This query does several clever things. Let's break down some key design decisions:

Why JSONB Diffs Instead of Comparing Columns Individually?

Instead of writing SQL like this:‍

WHERE old.name != new.name 
   OR old.status != new.status
   OR old.advanced_settings != new.advanced_settings
   -- ... 10 more columns

We convert each row to JSONB and compare the entire object:

WHERE row_json IS DISTINCT FROM prev_row_json

The benefits:

1. Schema Evolution

When we add a new column to the pipeline table, the JSONB diff automatically includes it—no query changes needed. With explicit column comparisons, we'd have to update the query every time the schema changes.

2. Maintainability

Our actual query handles 6 different entity types (pipelines, connectors, SSH tunnels, etc.), each with different schemas.
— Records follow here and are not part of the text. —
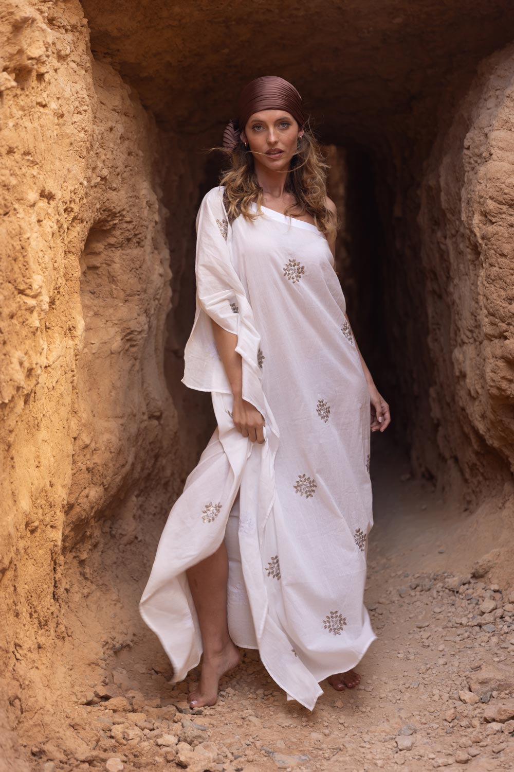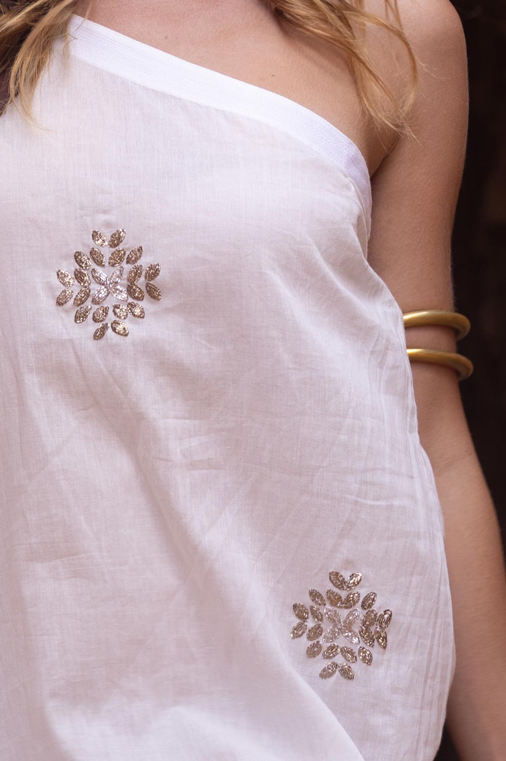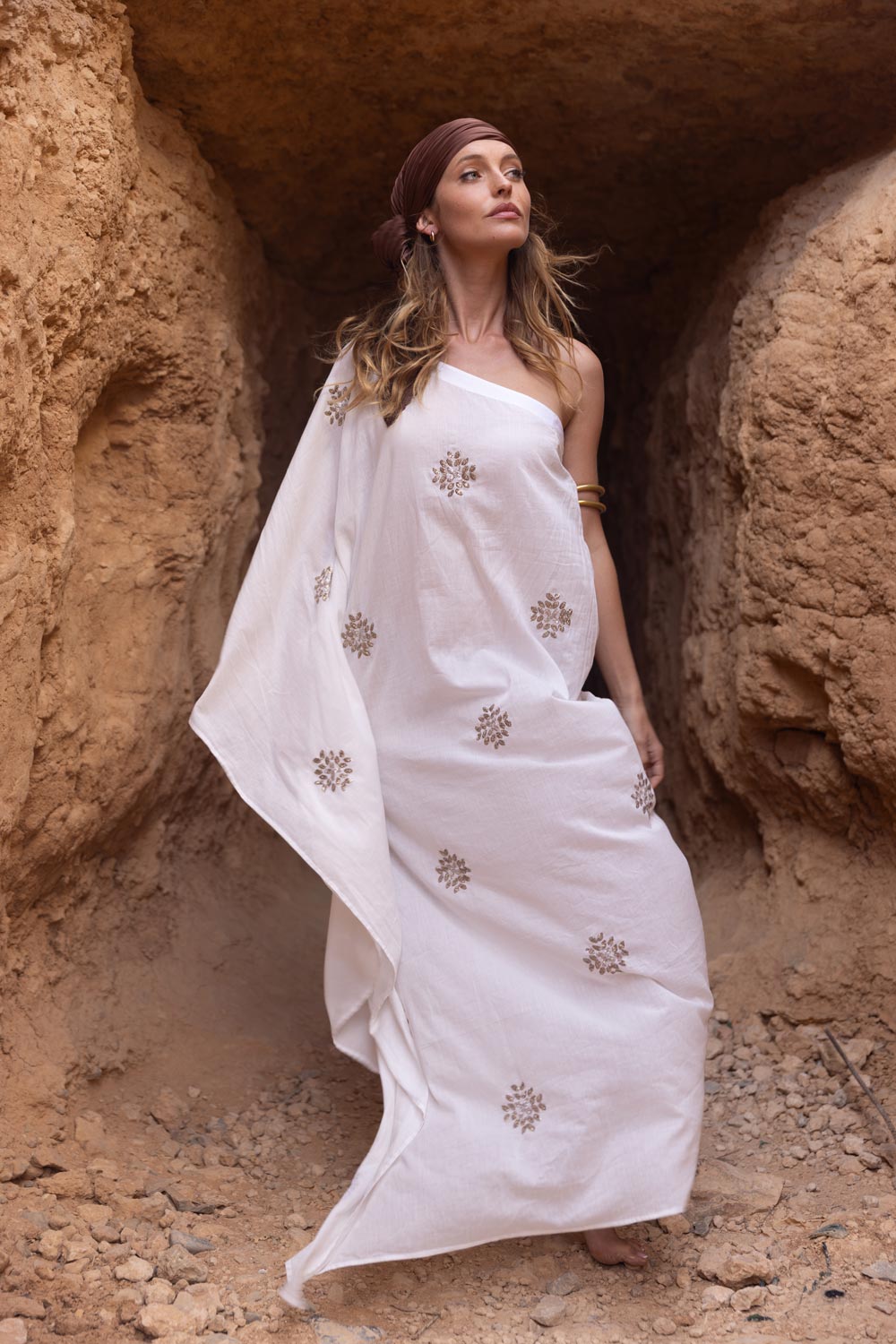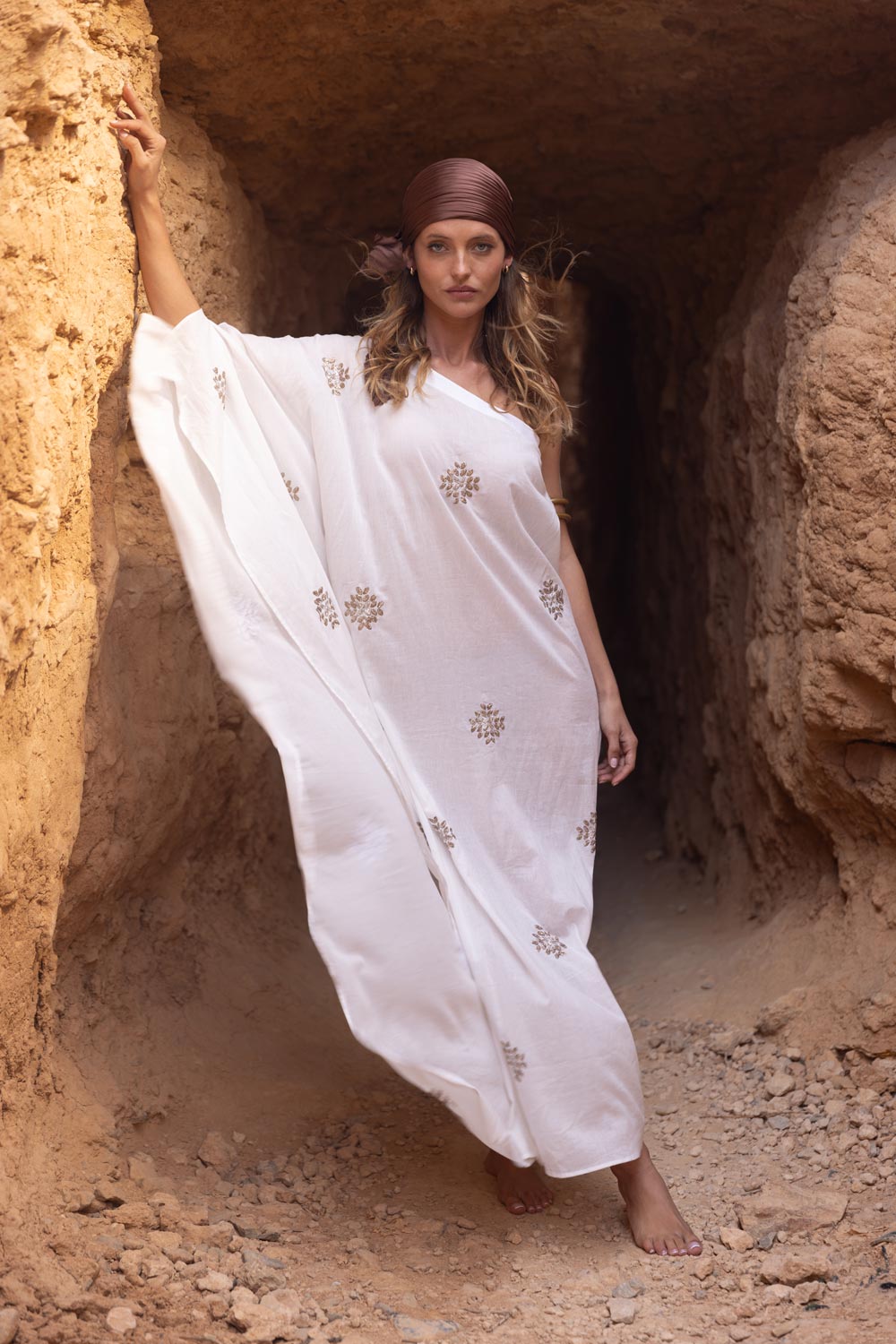 Dieses einzigartige, asymmetrische Kleid wurde von Hand bestickt und aus natürlicher Baumwolle gefertigt und verleiht Dir einen strahlenden Look - ob als besonderes Sommerkleid, stilvolles Strandoutfit oder als Highlight zur Sommerparty – "Tara" ist die perfekte Wahl.
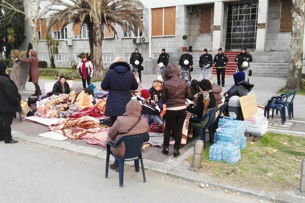 Majke sa troje i više djece od juče štrajkuju glađu, a nekoliko desetina njih provelo je noć na pločniku ispred Skupštine i na improvizovanoj bini postavljenoj u parku preko puta.
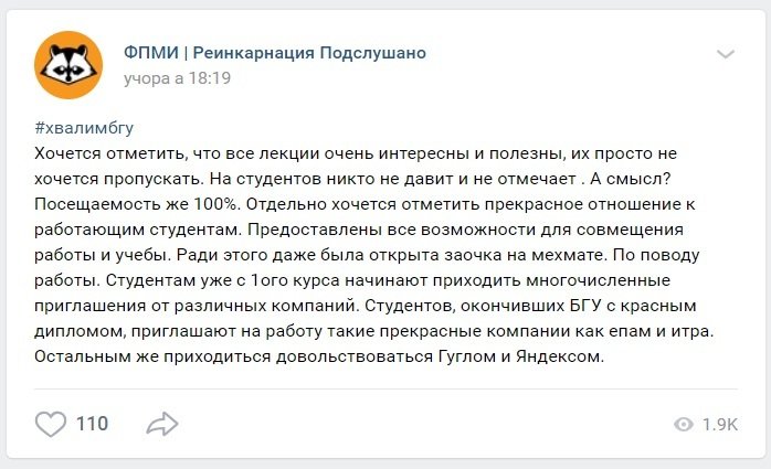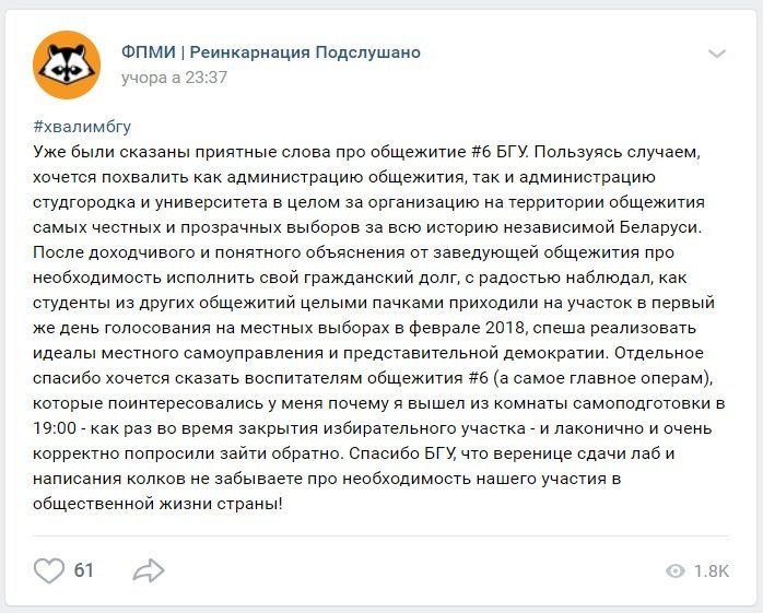 Крэатыўна да такой забароны аднесліся студэнты факультэта прыкладной матэматыкі і інфарматыкі БДУ. На сваёй неафіцыйнай старонцы ў сацыяльнай сетцы Укантакце яны запусцілі флэшмоб «хвалімбду».
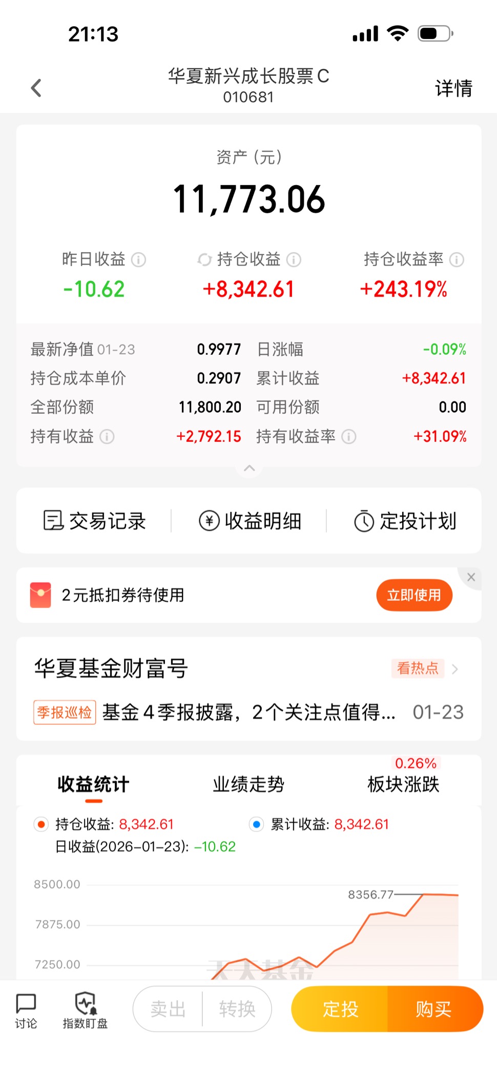 一直看好你,虽然先前跌了不少,所以就也一直定投,周五盘中看净值上1了就赎回了,盘后净值岀来没上1,不过也知足了。你是少有的上岸之基,也算操作的很有水平之人了感谢你

Using JSONB means we can use a generic query builder instead of hard-coding column comparisons for each type.

3. Nested Fields

Some of our fields are JSONB columns themselves (like advanced_settings). The JSONB approach handles nesting easily:‍

SELECT 'advanced_settings.' || key, prev.value, curr.value
FROM jsonb_each(prev_row_json -> 'advanced_settings') prev
FULL OUTER JOIN jsonb_each(row_json -> 'advanced_settings') curr USING (key)
WHERE prev.value IS DISTINCT FROM curr.value

4. Null Handling

IS DISTINCT FROM properly handles NULL values (unlike !=), which is crucial for optional configuration fields.

The tradeoff of this JSON diffing approach is that we're serializing rows to JSONB on every query, but the gains in flexibility and maintainability far outweigh the minor performance cost.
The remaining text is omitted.